Records:
- Opening Delimiter -

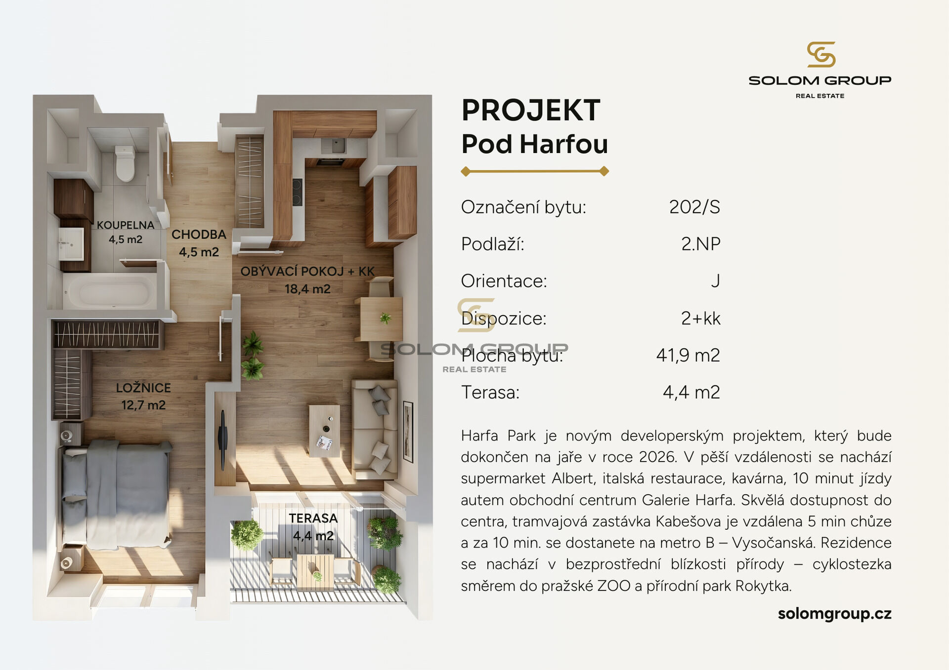 Prodej nového bytu 2+kk o velikosti 41,9 m² + terasa 4,4 m², který se nachází ve 2. NP cihlové novostavby v rezidenci Harfa Park (dům S).
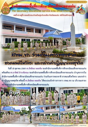 | กลับหน้าหลัก | สพม.ขก ร่วมกันเคารพธงชาติ สวดมนต์ไหว้พระ และกล่าวคำปฏิญญาเขตสุจริต |
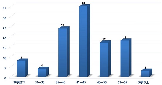 教师队伍年龄呈现正态分布,结构合理。35岁以下教师12人,占全部教师的11.01%;36岁至40岁教师24人,占全部教师的22.02%;41岁至45岁教师35人,占全部教师的32.11%;46岁至50岁教师17人,占全部教师的15.6%;51岁至55岁教师18人,占全部教师的16.51%;56岁以上教师3人,占全部教师的2.75%。
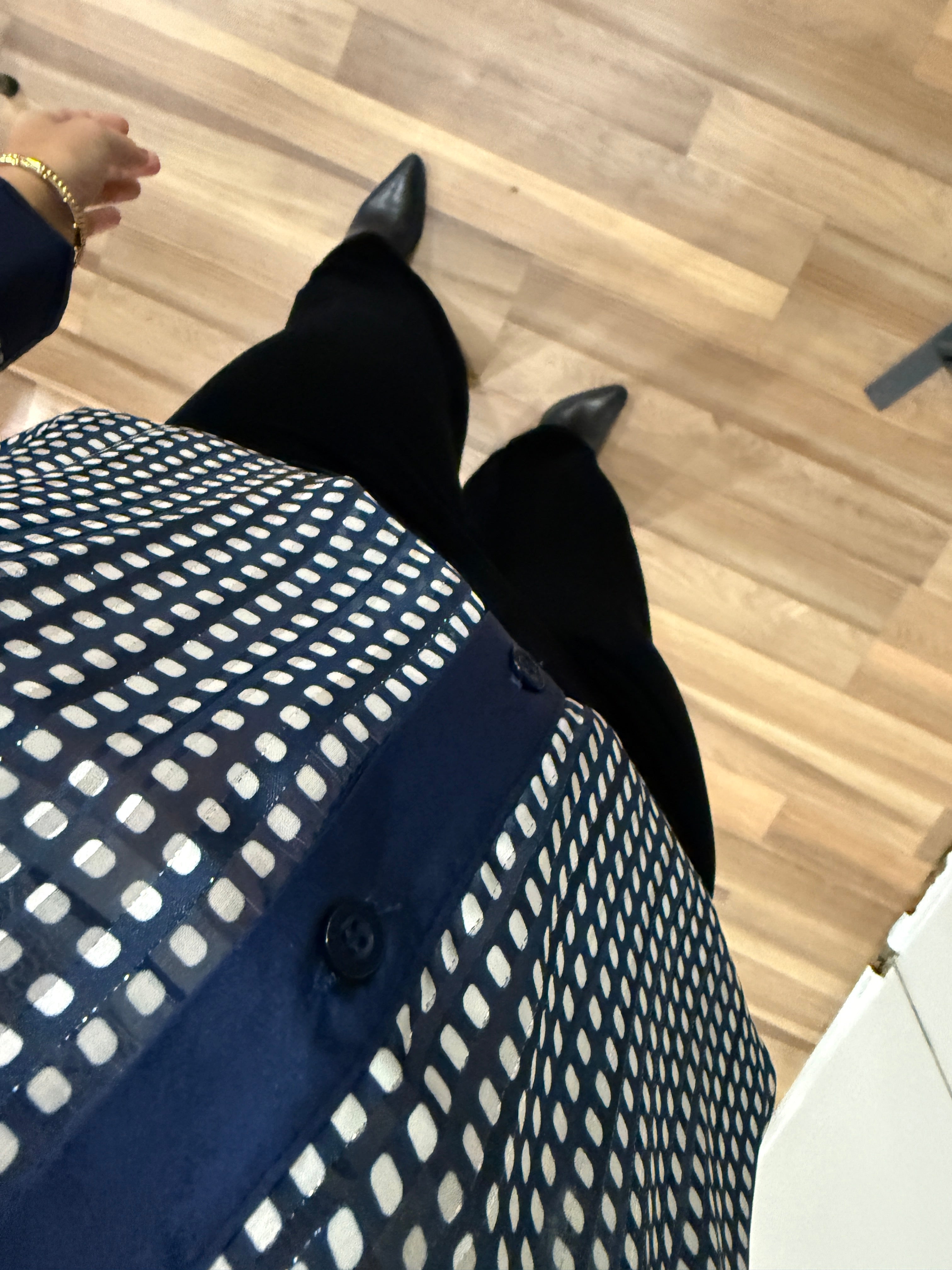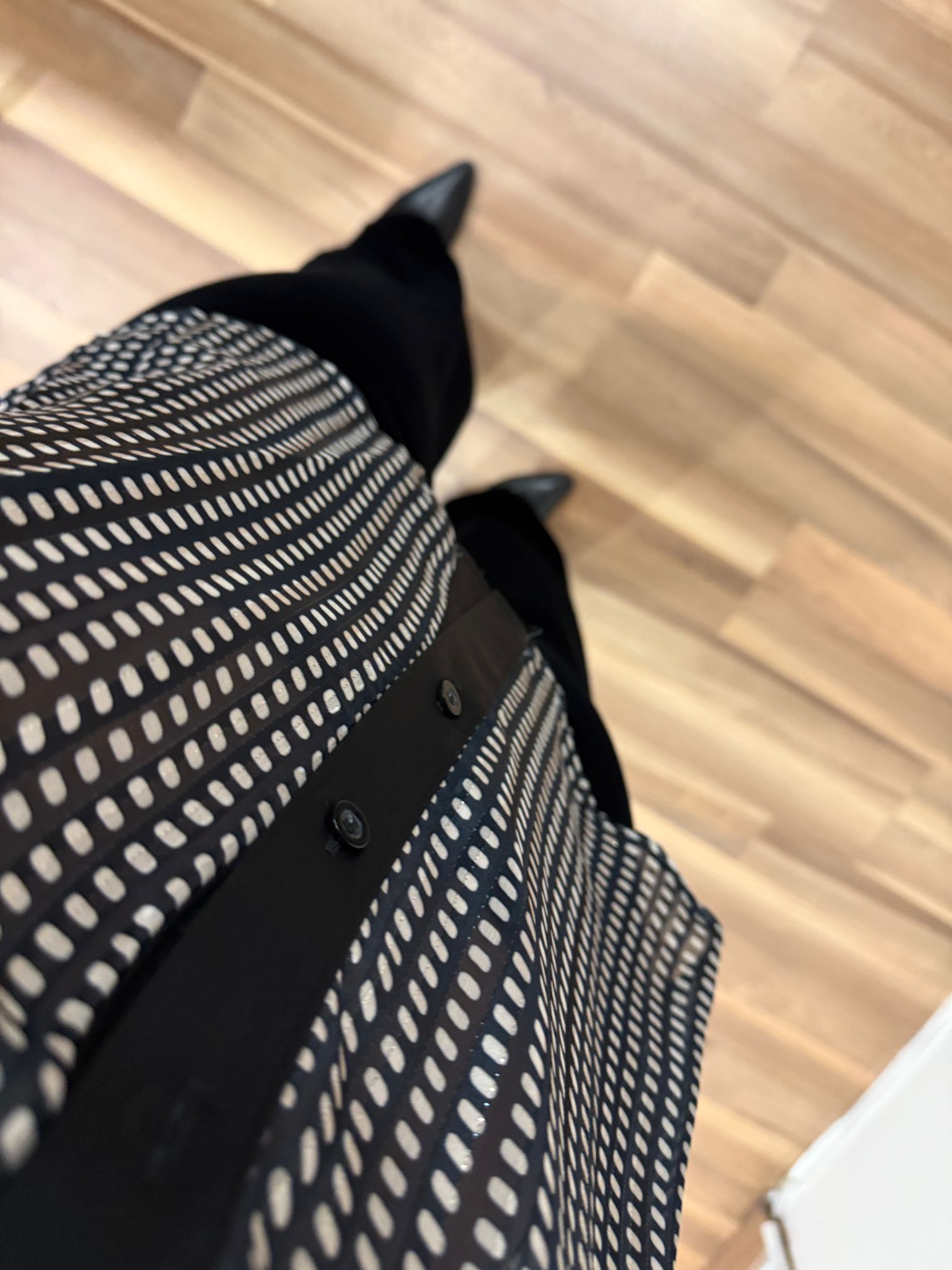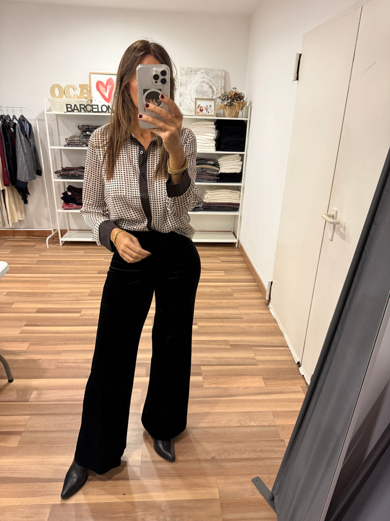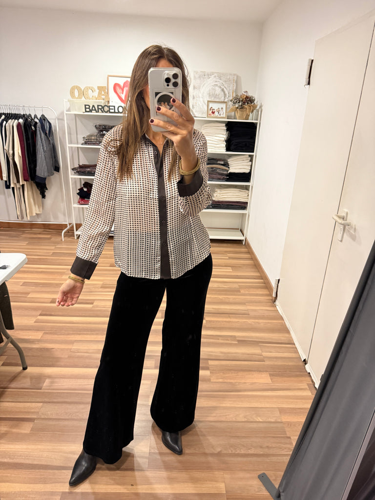 Blusa estampada con transparencia, manga larga, abotonada, cuello camisero y detalle de brillo. Talla única
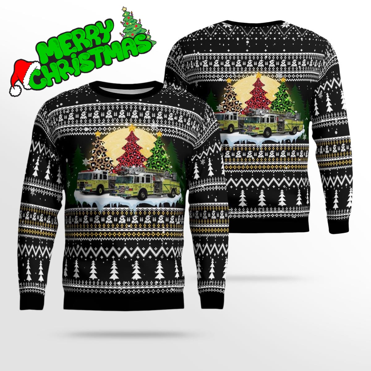 Egg Harbor City NJ Galloway Township Fire Department Pomona Volunteer Fire Company No.3 Christmas Ugly Sweater Gift For Men And Women
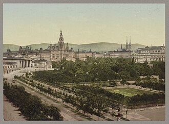 Der heutige Universitätsring mit dem Burgtheater um 1900, im Vordergrund der Rathauspark

- Closing Delimiter -

Work to complete: Print from the line containing "สวดมนต์ไหว้พระ และกล่าวคำปฏิญญาเขตสุจริต |" through the line containing "Blusa estampada con" in the data above, exactly as the lines stand, and omit every picture.

Your solution:
 | กลับหน้าหลัก | สพม.ขก ร่วมกันเคารพธงชาติ สวดมนต์ไหว้พระ และกล่าวคำปฏิญญาเขตสุจริต |
 教师队伍年龄呈现正态分布,结构合理。35岁以下教师12人,占全部教师的11.01%;36岁至40岁教师24人,占全部教师的22.02%;41岁至45岁教师35人,占全部教师的32.11%;46岁至50岁教师17人,占全部教师的15.6%;51岁至55岁教师18人,占全部教师的16.51%;56岁以上教师3人,占全部教师的2.75%。
 Blusa estampada con transparencia, manga larga, abotonada, cuello camisero y detalle de brillo. Talla única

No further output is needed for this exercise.